1.Technical collaboration
a.SES Satellite Network test campaign: Develop a test program based on the SES Satellite Network and conduct tests to validate the network performance with user terminal equipped with an AKOM Antenna solution to optimize AKOM’s and SES’s assets and investments. AKOM shall share with SES any and all results of any testing and experiments conducted.

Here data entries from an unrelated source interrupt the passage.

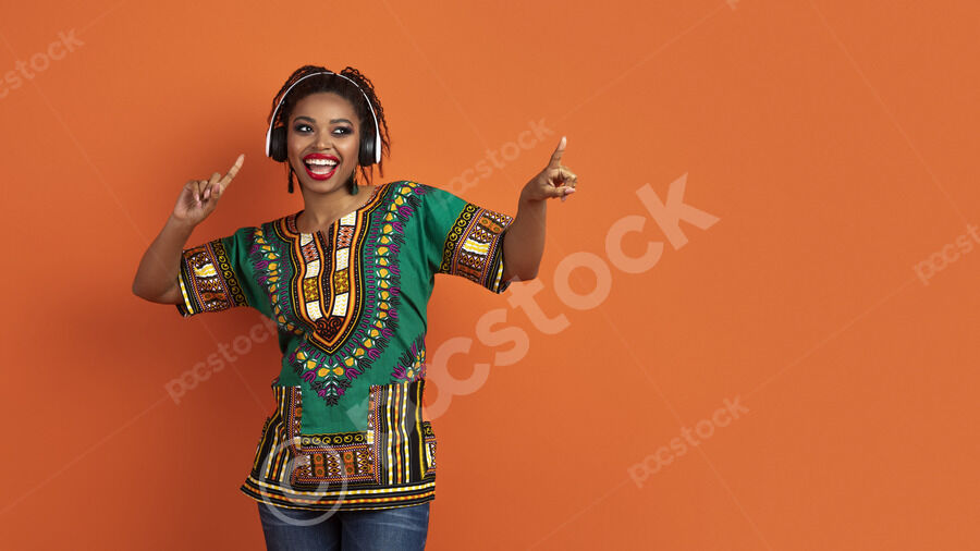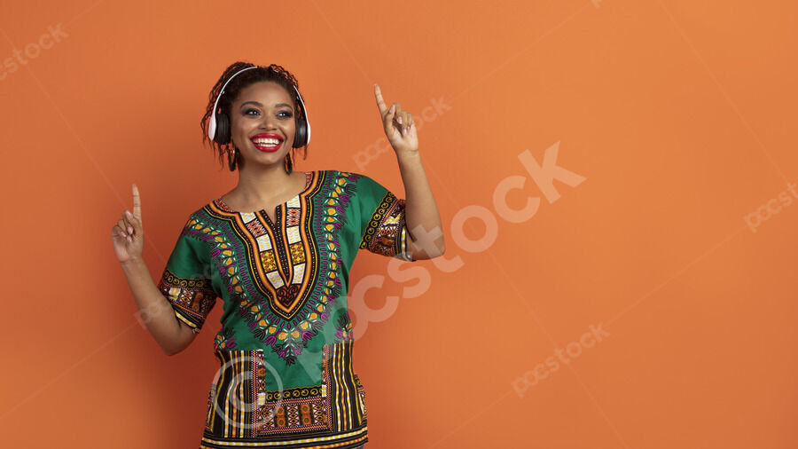 Black woman wearing dashiki listening to music with headphones looking away and dancing against orange wall in studio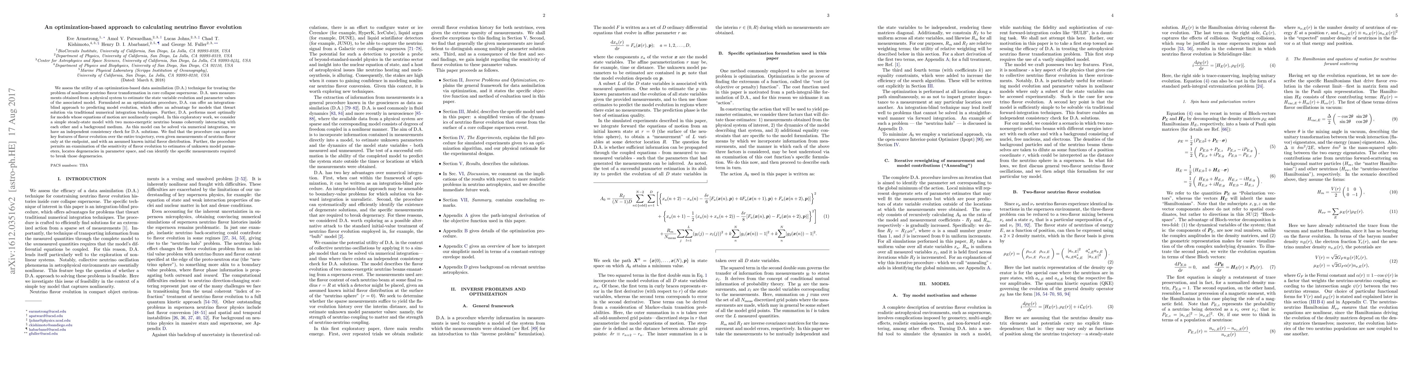 We assess the utility of an optimization-based data assimilation (D.A.) technique for treating the problem of nonlinear neutrino flavor transformation in core collapse supernovae. D.A. uses measurements obtained from a physical system to estimate the state variable evolution and parameter values of the associated model. Formulated as an optimization procedure, D.A. can offer an integration-blind approach to predicting model evolution, which offers an advantage for models that thwart solution via traditional numerical integration techniques. Further, D.A. performs most optimally for models whose equations of motion are nonlinearly coupled. In this exploratory work, we consider a simple steady-state model with two mono-energetic neutrino beams coherently interacting with each other and a background medium. As this model can be solved via numerical integration, we have an independent consistency check for D.A. solutions. We find that the procedure can capture key features of flavor evolution over the entire trajectory, even given measurements of neutrino flavor only at the endpoint, and with an assumed known initial flavor distribution. Further, the procedure permits an examination of the sensitivity of flavor evolution to estimates of unknown model parameters, locates degeneracies in parameter space, and can identify the specific measurements required to break those degeneracies.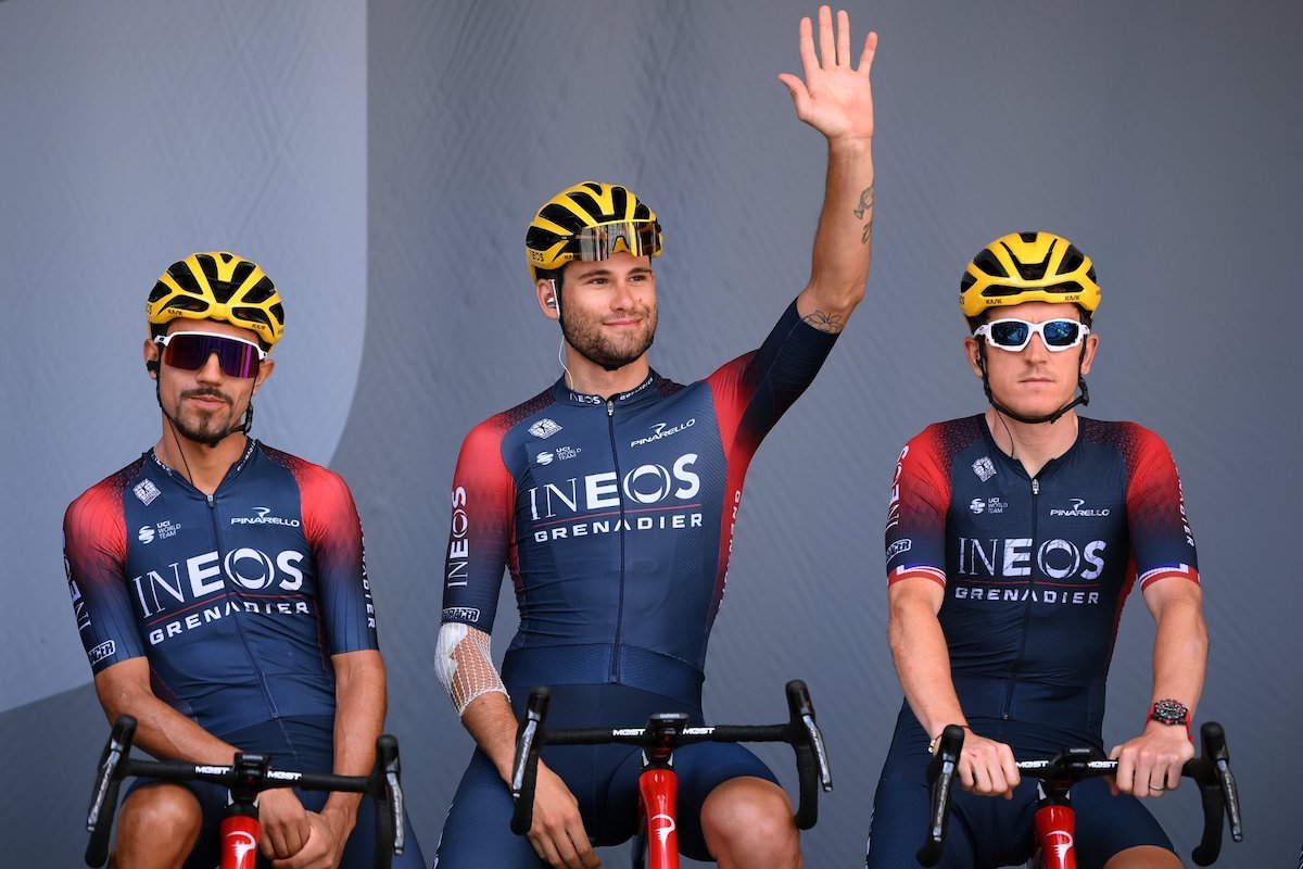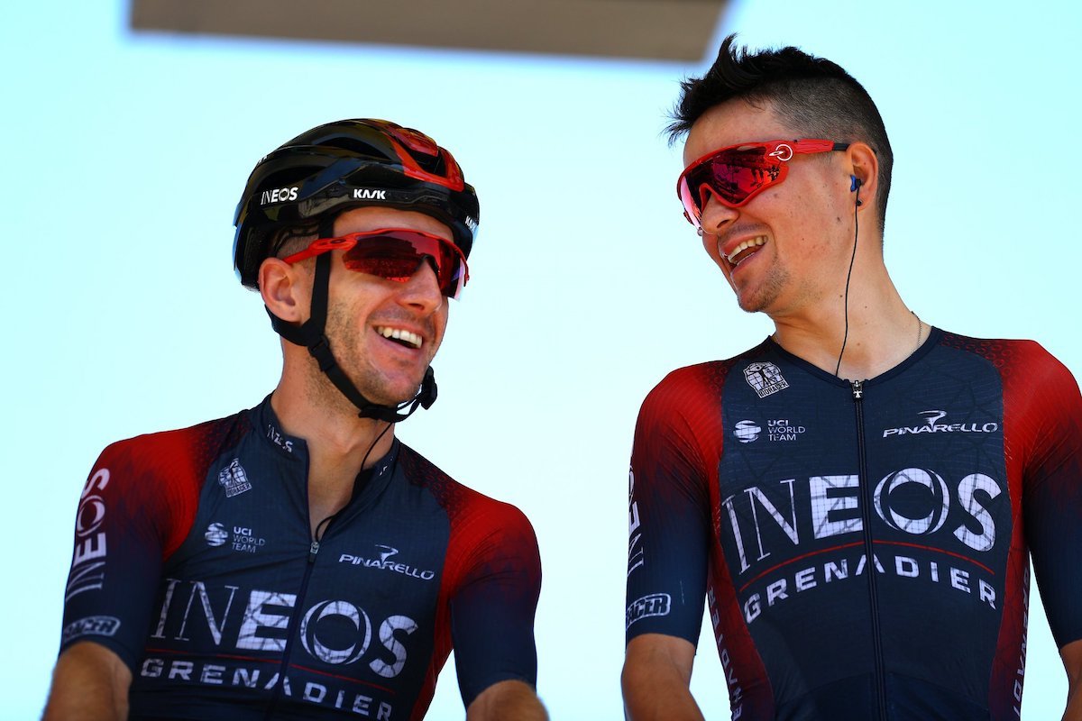 In questa foto Daniel Martinez e Filippo Ganna adottano un body tradizionale a differenza di Thomas. Foto: @INEOSGrenadiers

b.AKOM Antenna Ku/Ka-band solution: Collaboration on developing an AKOM Antenna to be deployed on the SES Satellite Network, such collaboration may include a SES Satellite Network modem as part of the solution


c.Hybrid user terminal solutions: Collaboration to set AKOM Antenna development goals seeking compatibility across the SES Satellite Network, including GEO and MEO assets


2.Commercial collaboration


a.Market demand: Share user terminal market demand and forecast for the SES Satellite Network by market segment and explore optimal business and operating models


b.Market promotion: Collaborate on promoting O3b MEO satellite network and bandwidth, including O3b mPOWER, with or without AKOM Antenna and/or Sat. DDC to AKOM’s customers


c.Partnership plan: Explore a longer-term joint services and market development plan for AKOM’s regions of interest, to best leverage the combined scale and capabilities of both Parties


Meetings or conference calls will be conducted, to: (i) form teams or sub-groups to take the lead for certain activities; (ii) review the status of the above activities; (iii) determine whether any other activities should be undertaken; and (iv) develop plans for future cooperation.